DATA SHOWN:
· · · ·

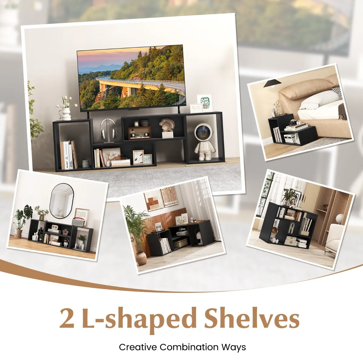 【Vrije combinatie modulair design】: Deze tv-standaard bevat 2 L-vormige planken die in verschillende lay-outs kunnen worden geplaatst om perfect bij de ruimte te passen. Het modulaire concept maakt aanpassing en flexibiliteit voor verschillende ruimtes en behoeften mogelijk.
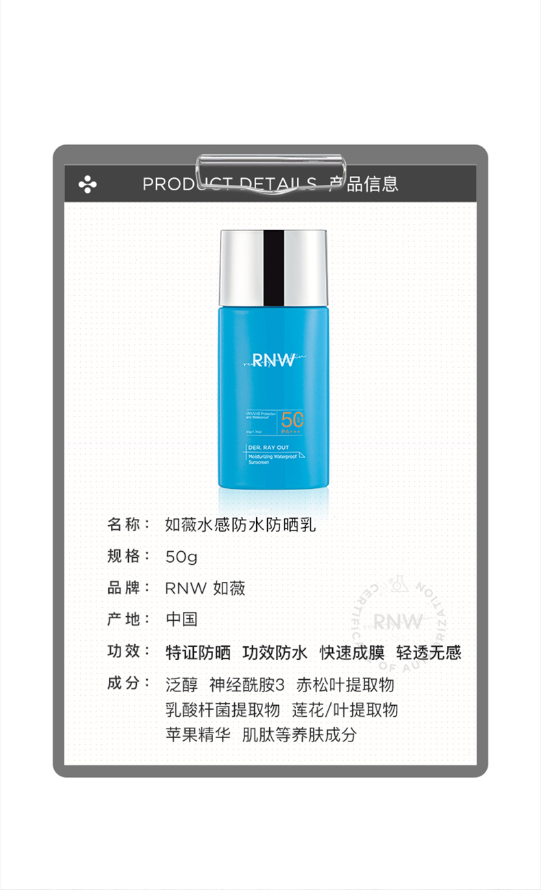 韩国RNW如薇水感防水防晒乳蓝瓶 50ml
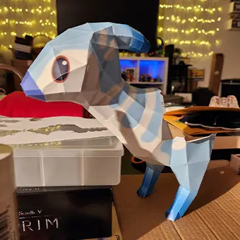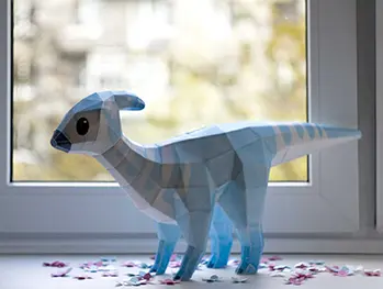 Before you reach Paleo Pines, a family member gives you a mysterious egg and a little parasaurolophus hatches from it! This gorgeous little dino quickly becomes your loyal friend. You can buld your very own desk-sized young Parasaurolophus so that you're never without your Lucky nearby.

· · · ·

All of the listing above has to be reproduced exactly, though without its images.

 【Vrije combinatie modulair design】: Deze tv-standaard bevat 2 L-vormige planken die in verschillende lay-outs kunnen worden geplaatst om perfect bij de ruimte te passen. Het modulaire concept maakt aanpassing en flexibiliteit voor verschillende ruimtes en behoeften mogelijk.
 韩国RNW如薇水感防水防晒乳蓝瓶 50ml
 Before you reach Paleo Pines, a family member gives you a mysterious egg and a little parasaurolophus hatches from it! This gorgeous little dino quickly becomes your loyal friend. You can buld your very own desk-sized young Parasaurolophus so that you're never without your Lucky nearby.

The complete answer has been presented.